The task:
Below is a listing; retype exactly the lines between the one containing "Cały w świeżym" and the one containing "Unter dem Thema", inclusive, minus the pictures.

Source material:
= Beginning of Section =
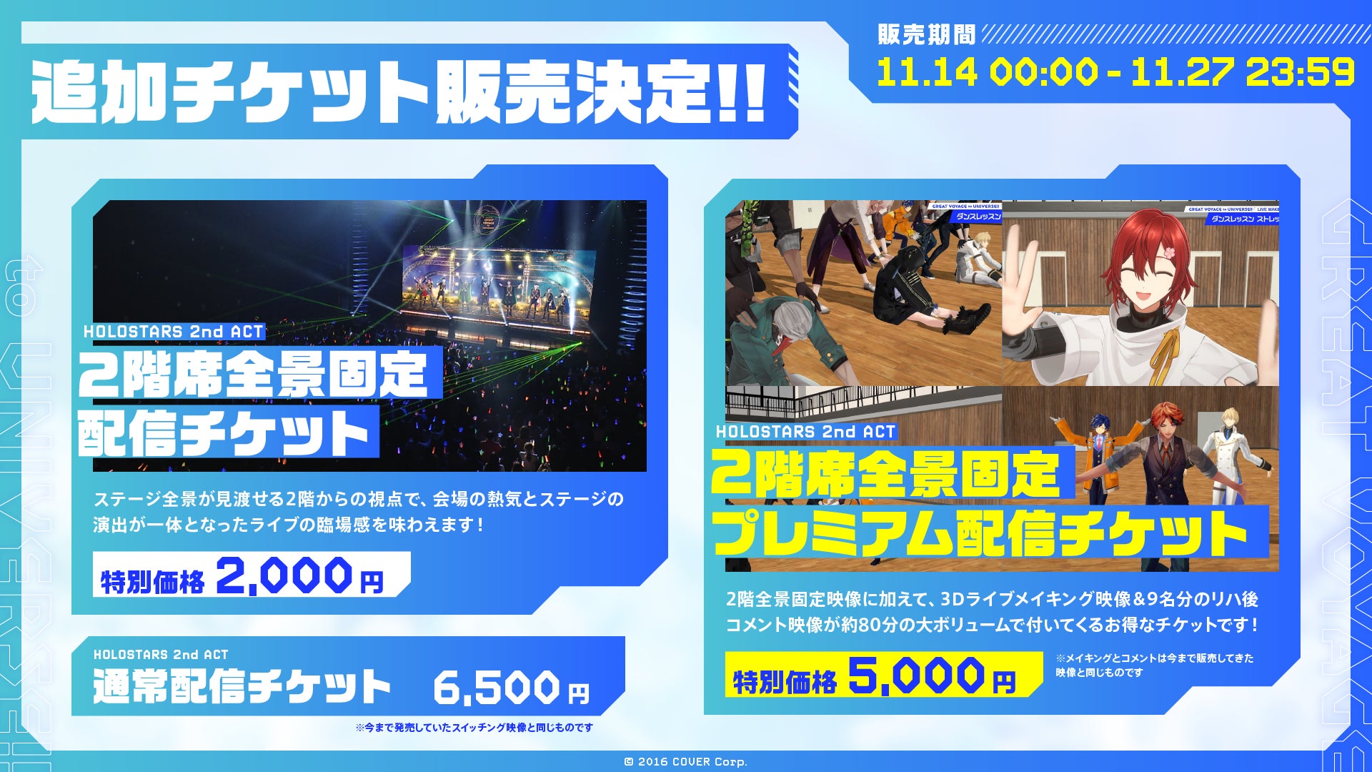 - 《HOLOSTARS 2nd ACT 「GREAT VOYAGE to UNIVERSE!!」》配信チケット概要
= End of Section =
= Beginning of Section =
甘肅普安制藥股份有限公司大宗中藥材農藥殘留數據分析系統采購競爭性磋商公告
= End of Section =
= Beginning of Section =
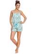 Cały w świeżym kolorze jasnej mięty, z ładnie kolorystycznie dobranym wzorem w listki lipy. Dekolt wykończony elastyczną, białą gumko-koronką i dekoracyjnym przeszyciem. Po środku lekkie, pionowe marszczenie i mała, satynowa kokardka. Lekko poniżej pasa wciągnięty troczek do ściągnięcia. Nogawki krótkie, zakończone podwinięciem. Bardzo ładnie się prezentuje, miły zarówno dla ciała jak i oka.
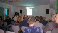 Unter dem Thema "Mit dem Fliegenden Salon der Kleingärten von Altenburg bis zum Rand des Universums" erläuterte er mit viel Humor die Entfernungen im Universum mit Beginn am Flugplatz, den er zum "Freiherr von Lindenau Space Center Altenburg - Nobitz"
= End of Section =
Solution for this problem:
 Cały w świeżym kolorze jasnej mięty, z ładnie kolorystycznie dobranym wzorem w listki lipy. Dekolt wykończony elastyczną, białą gumko-koronką i dekoracyjnym przeszyciem. Po środku lekkie, pionowe marszczenie i mała, satynowa kokardka. Lekko poniżej pasa wciągnięty troczek do ściągnięcia. Nogawki krótkie, zakończone podwinięciem. Bardzo ładnie się prezentuje, miły zarówno dla ciała jak i oka.
 Unter dem Thema "Mit dem Fliegenden Salon der Kleingärten von Altenburg bis zum Rand des Universums" erläuterte er mit viel Humor die Entfernungen im Universum mit Beginn am Flugplatz, den er zum "Freiherr von Lindenau Space Center Altenburg - Nobitz"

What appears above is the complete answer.